"I loved his brain. I hated the idea of an intruder therein. Others thought he was a madman; he was not quite mad the way they thought, but I loved the private ways that he was mad. I loved that he was insatiable in all ways, as if he would swallow up the whole world just to know it better if he could. He made me laugh, but I winced when he joked about the worm. 'Baby, don’t worry,' he said. 'It’s not a worm.'... I worry about evil.... Was it ever a question, that where there was a cloak there would be a dagger? A friend told me once, 'Never trust anyone wearing a lapel pin.' This politician did not wear one of those.... I mean to tell you that, as it relates to monsters, little can be assured beyond their ceaseless want.... I mean to tell you that as I studied them, I was sometimes fooled.... I mean to tell you that this is more meaningful and more meaningless than you might think. I mean to tell you that, before I was consumed by it, I could not have told you what it was.... I am talking, of course, about how it happened between me and the Politician. I am talking, of course, about how it happened between the country and the president... I mean to tell you now as best I can."
Writes Olivia Nuzzi, in
"Olivia Nuzzi's American Canto: Read the Exclusive Excerpt/She flamed out and she faded away. Vanity Fair’s West Coast Editor returns to the written word to survey scorched earth" (Vanity Fair).

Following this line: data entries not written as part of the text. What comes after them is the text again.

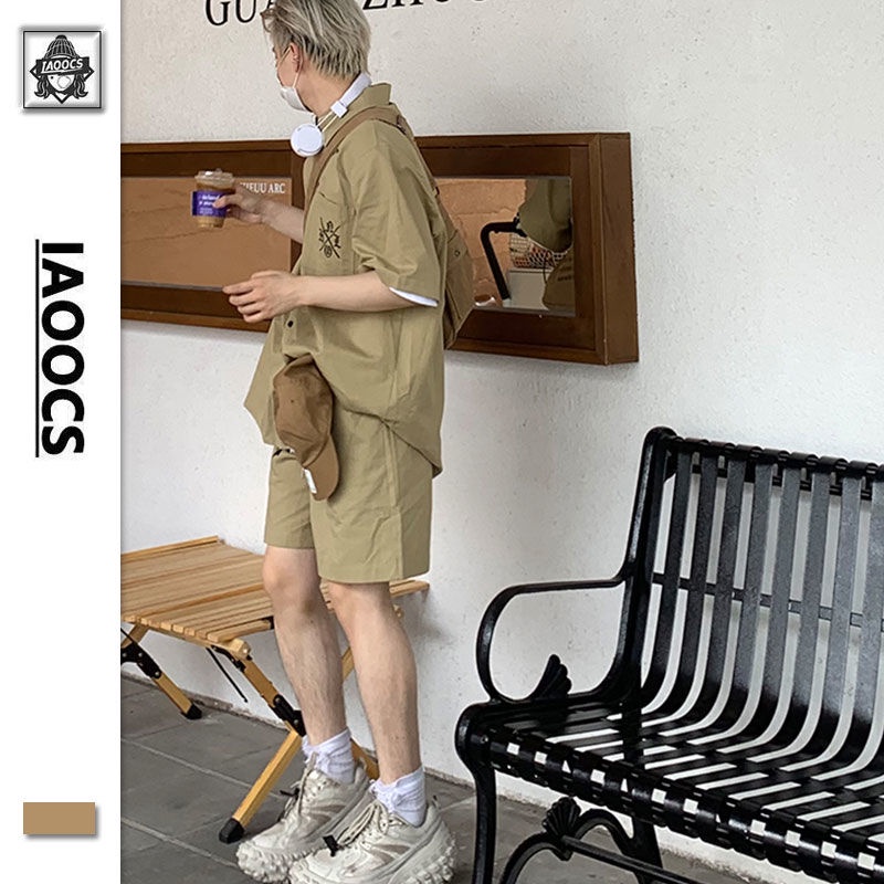 Giới thiệu Bộ Áo Sơ Mi Ngắn Tay Thêu Chữ + Quần Lửng Phong Cách Retro Cho Nam Nữ
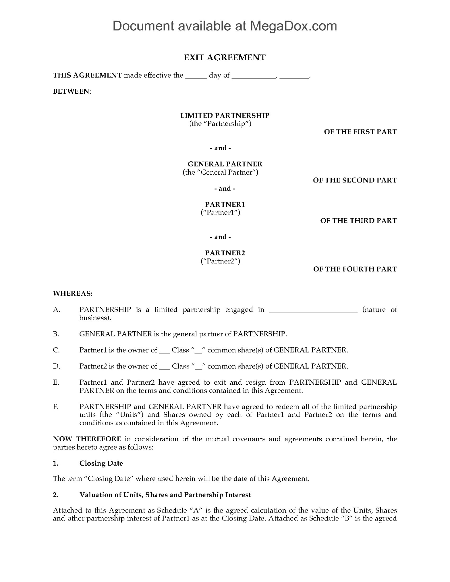 - The seller also releases the Limited Partnership from any claims.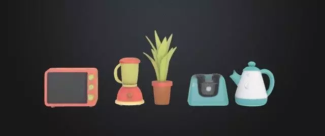 Low Poly Kitchen Appliance Set 3D Model Low-poly 3D model
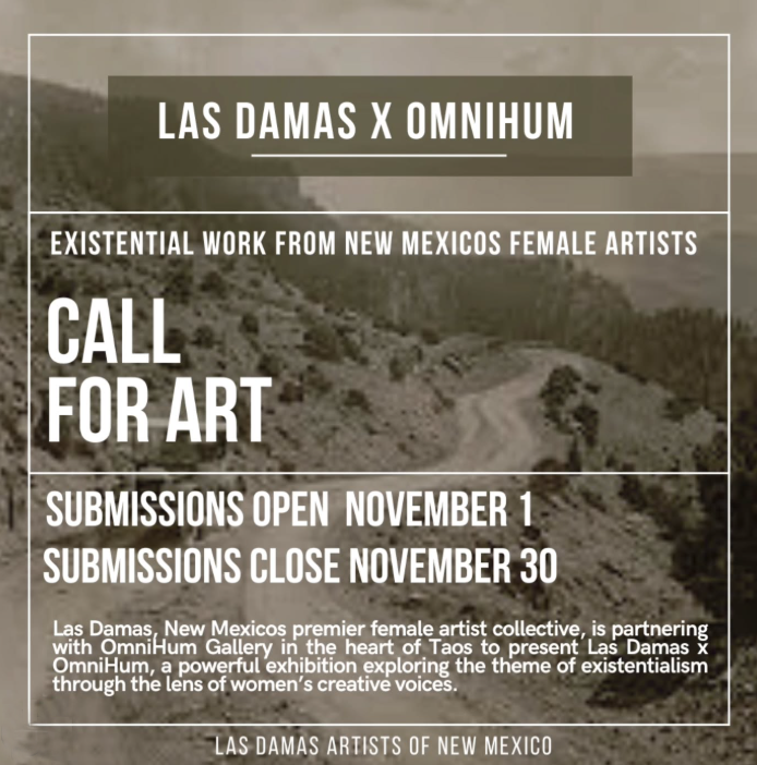 Las Damas, New Mexicos premier female artist collective, is partnering with OmniHum Gallery in the heart of Taos to present Las Damas x OmniHum, a powerful exhibition exploring the theme of existentialism through the lens of women’s creative voices.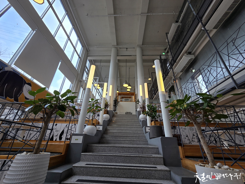 한쪽으로 중앙의 계단을 걸어 올라가면서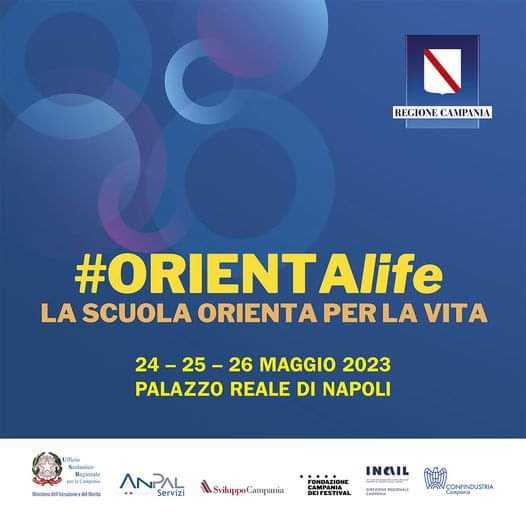 Nei giorni 24-25-26 maggio 2023, si svolgerà la manifestazione finale per condividere, socializzare e diffondere le buone prassi emerse nel progetto “ORIENTAlife – la scuola orienta per la vita”, organizzata dall’Assessorato alla Scuola della Regione Campania, dall’Ufficio Scolastico Regionale per la Campania, da Anpal Servizi, da Confindustria Campania e da INAIL Campania. L’evento coinvolgerà più di 50 istituti scolastici, per un totale di circa 1800 ragazzi, nell incontro che si terrà presso Palazzo Reale di Napoli.
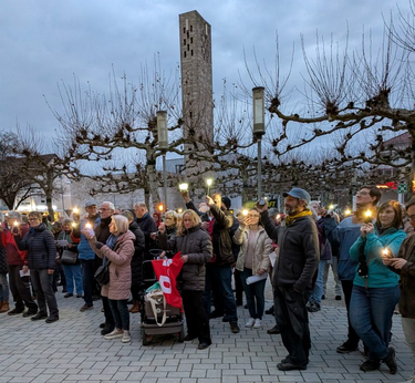 Rund 200 Personen verwandeln den Platz um die Ursulasäule vor dem Offenburger Rathaus in ein Lichtermeer. Nach einer Rede singen alle gemeinsam. (Fotos. Christian Möhle)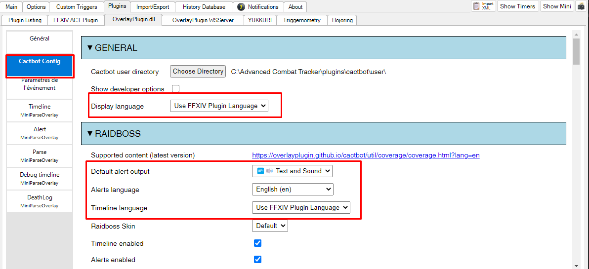 - Cactbot: go to https://github.com/OverlayPlugin/cactbot/releases and download the last cactbot-[version].zip unlock, extract it and place it in your plugins folder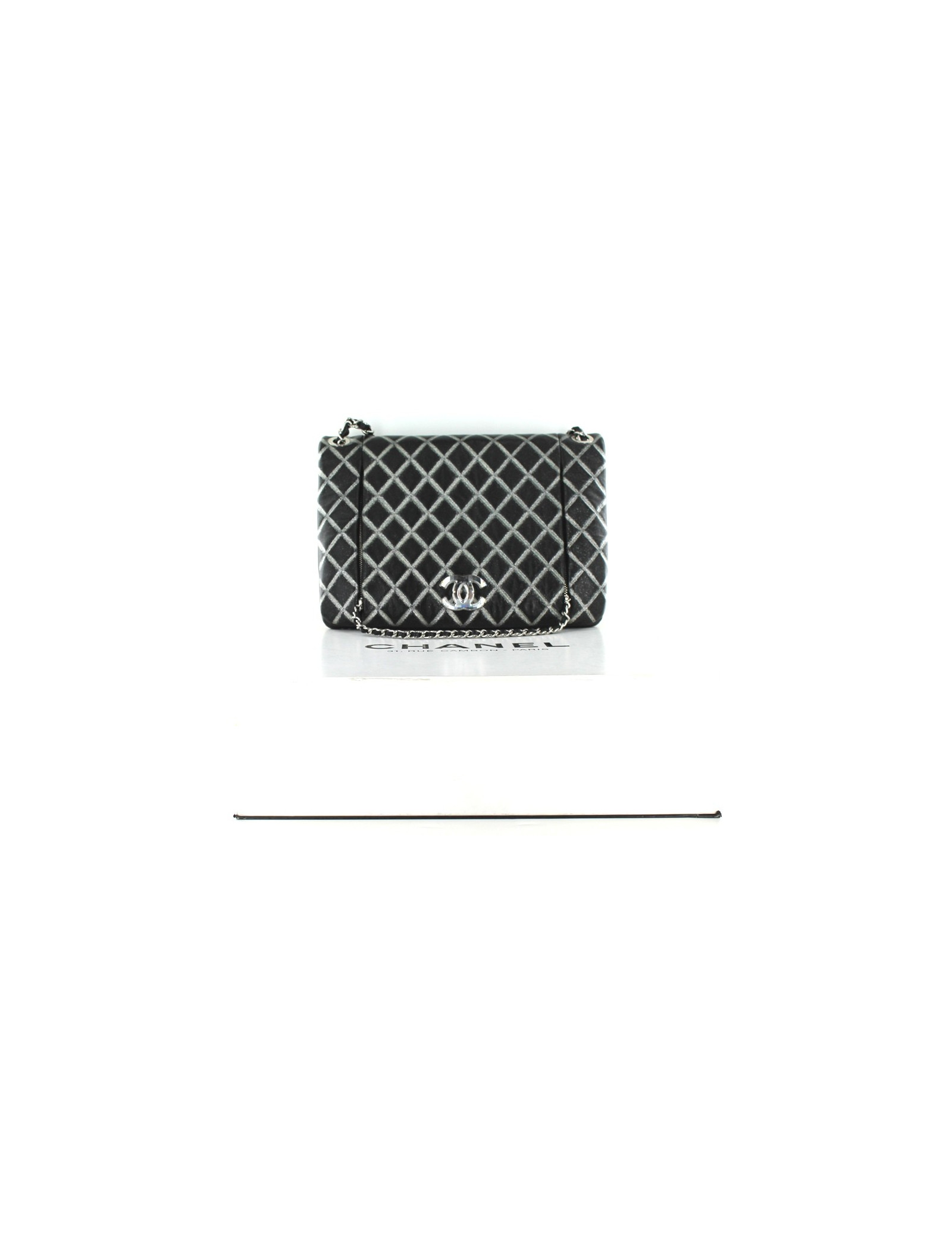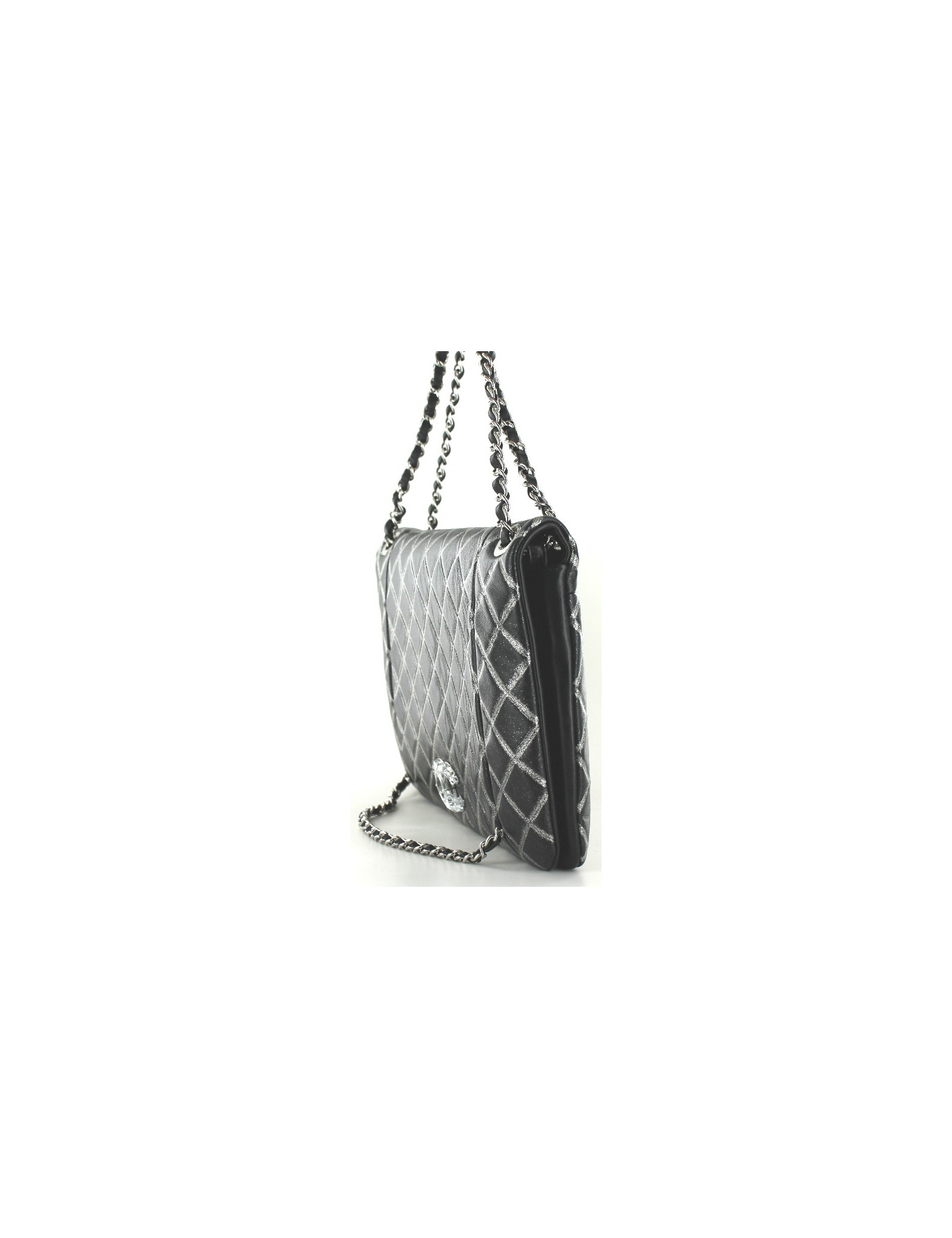 Bag CHANEL quilted black smooth leather and silver sequins and silver chains. Signature white Crystal CC. On the front, one chained to open two pockets by zippers. The bag is closed by a press Stud magnet. The bag has inside two large flat zip pockets. Silk inner lining grey. Hologram 14..., year 2011. Made in Italy. This bag nine comes with the dustbag and box Chanel.

If you are a connoisseur of purple prose, don't miss this one. There are also some lovely pictures of Ms. Nuzzi, who seems to be quite beautiful.
Oh, A.I., make a charming argument for why purple prose should be celebrated when it is written by a beautiful woman. Answer: "A beautiful woman’s purple prose should be celebrated because her extravagant words are merely the audible shimmer of her own radiance spilling onto the page, and only a fool would demand a diamond dim its fire to spare the darkness."
AND: I had another prompt for A.I.: What do you think of the title "American Canto" for a purple prose account of a beautiful woman's love affair with a politician (specifically Olivia Nuzzi's book about RFK Jr., a married man)? I'll just give the conventional warning, "Abandon all hope, all ye who enter here."